> _THE DATA_

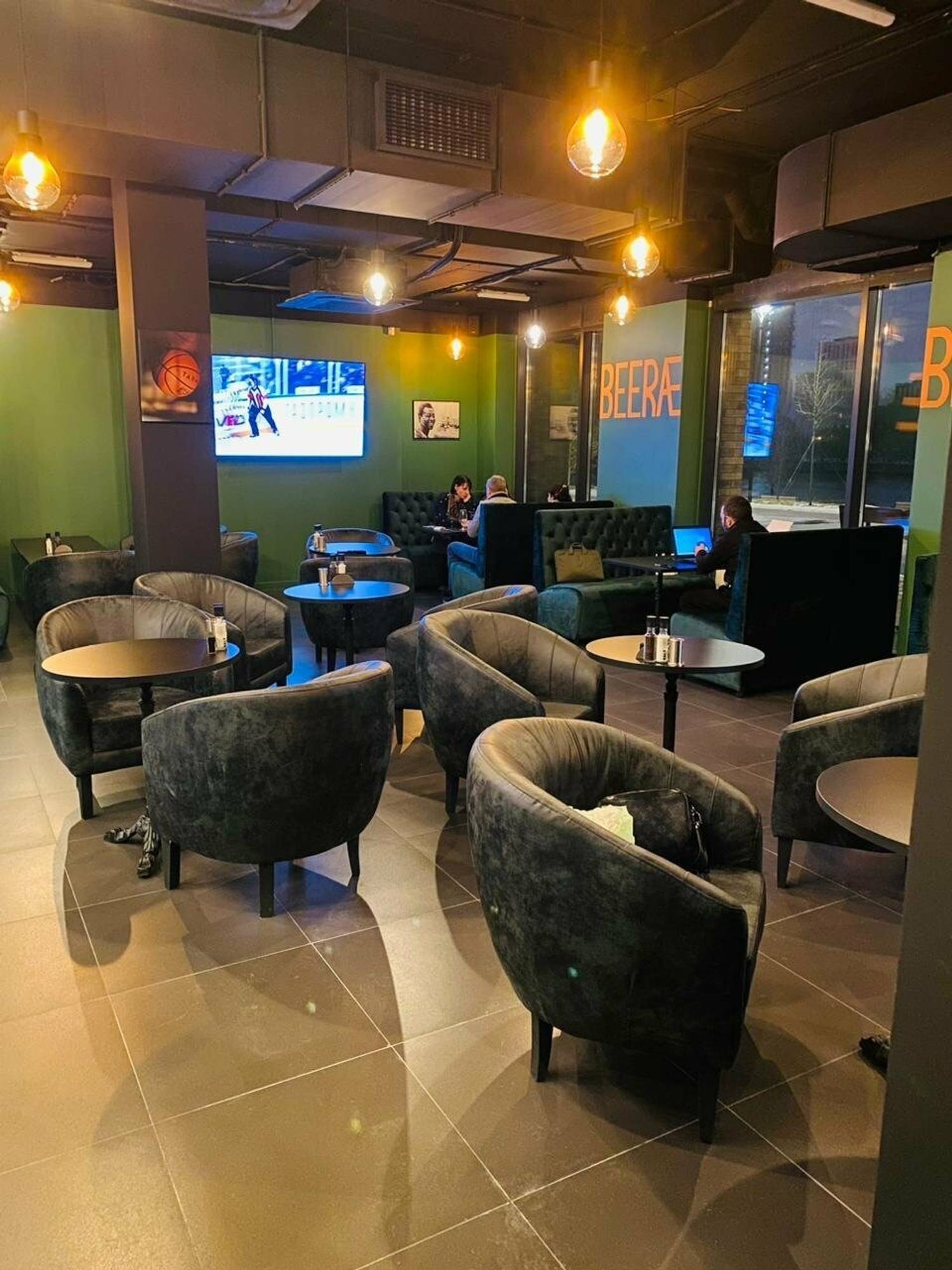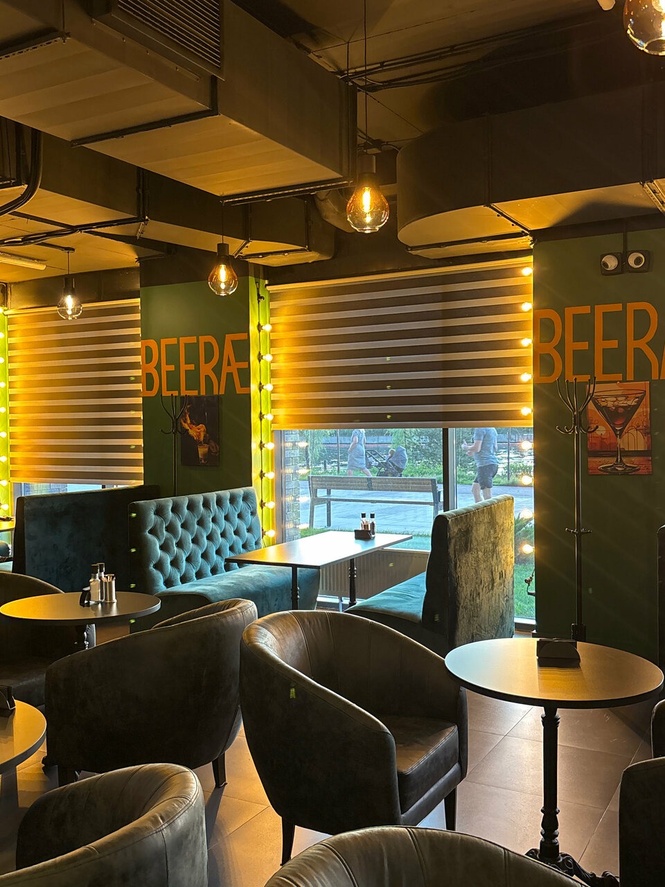 Атмосфера. В зале изумрудные стены с постерами, черные велюровые кресла, синие диваны и графитовые акценты. Есть сцена, на которо выступают музыканты и стендап-комики.
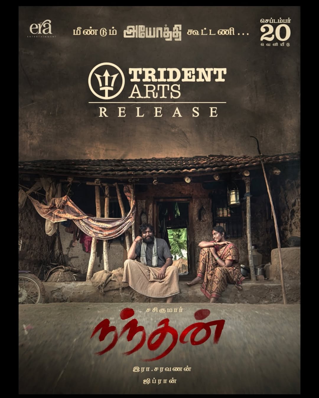 Following the success of #Ayothi , @tridentartsoffl has acquired the Tamil Nadu distribution rights of #Nandhan watch it in theaters from September 20th . #nandhanfromsep20 An @erasaravanan ‘s film and @sasikumardir magic Along @ghibranofficial musical @thondankani #balajisakthivel @rvsarandft @eraentertainment
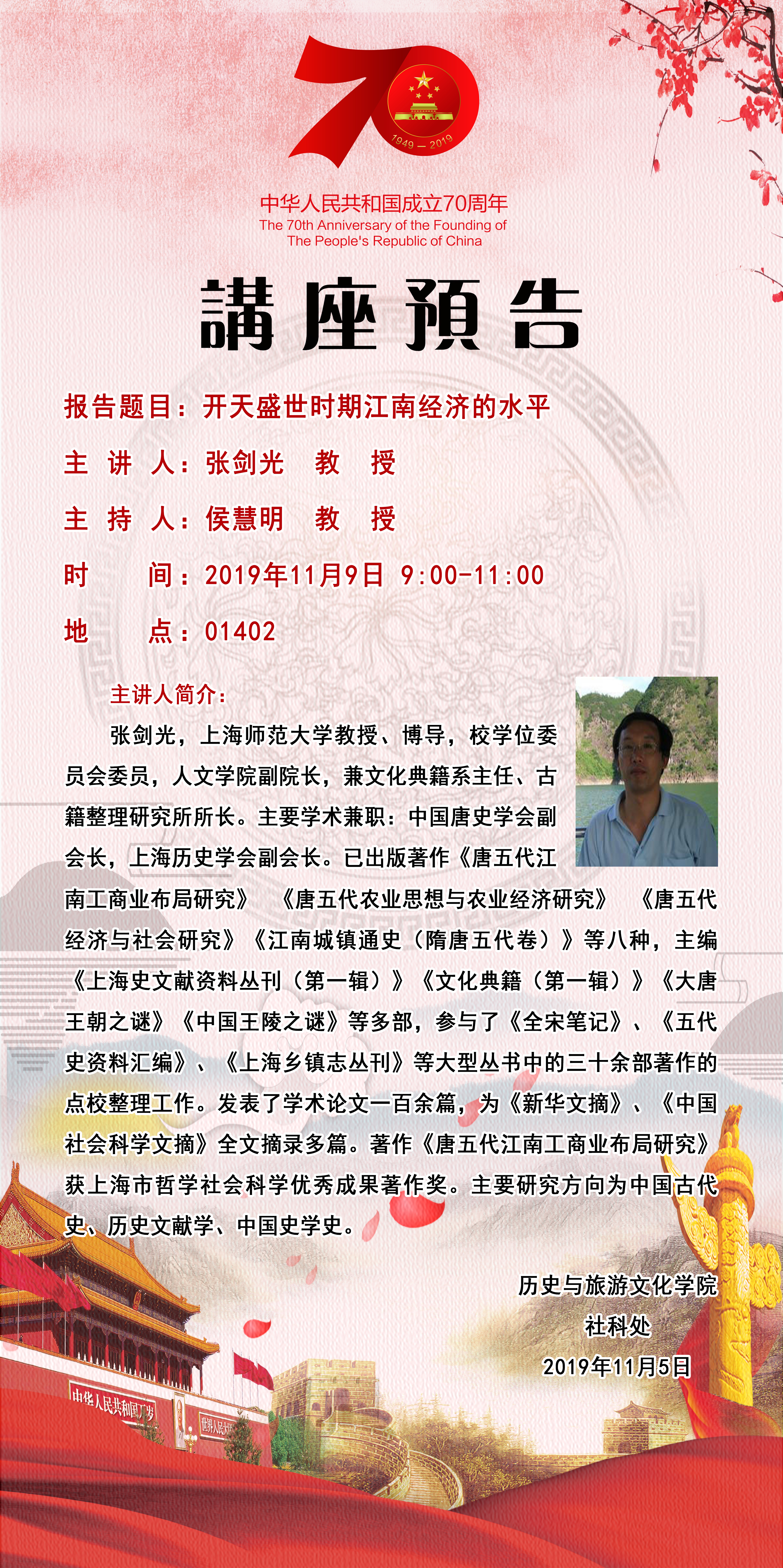 【预告】 上海师范大学张剑光教授应历史与旅游文化学院邀请来永利官网作学术报告

> _WHAT TO WORK ON_
Reproduce the data above exactly, leaving out any picture in it.

> _OUTPUT_
 Атмосфера. В зале изумрудные стены с постерами, черные велюровые кресла, синие диваны и графитовые акценты. Есть сцена, на которо выступают музыканты и стендап-комики.
 Following the success of #Ayothi , @tridentartsoffl has acquired the Tamil Nadu distribution rights of #Nandhan watch it in theaters from September 20th . #nandhanfromsep20 An @erasaravanan ‘s film and @sasikumardir magic Along @ghibranofficial musical @thondankani #balajisakthivel @rvsarandft @eraentertainment
 【预告】 上海师范大学张剑光教授应历史与旅游文化学院邀请来永利官网作学术报告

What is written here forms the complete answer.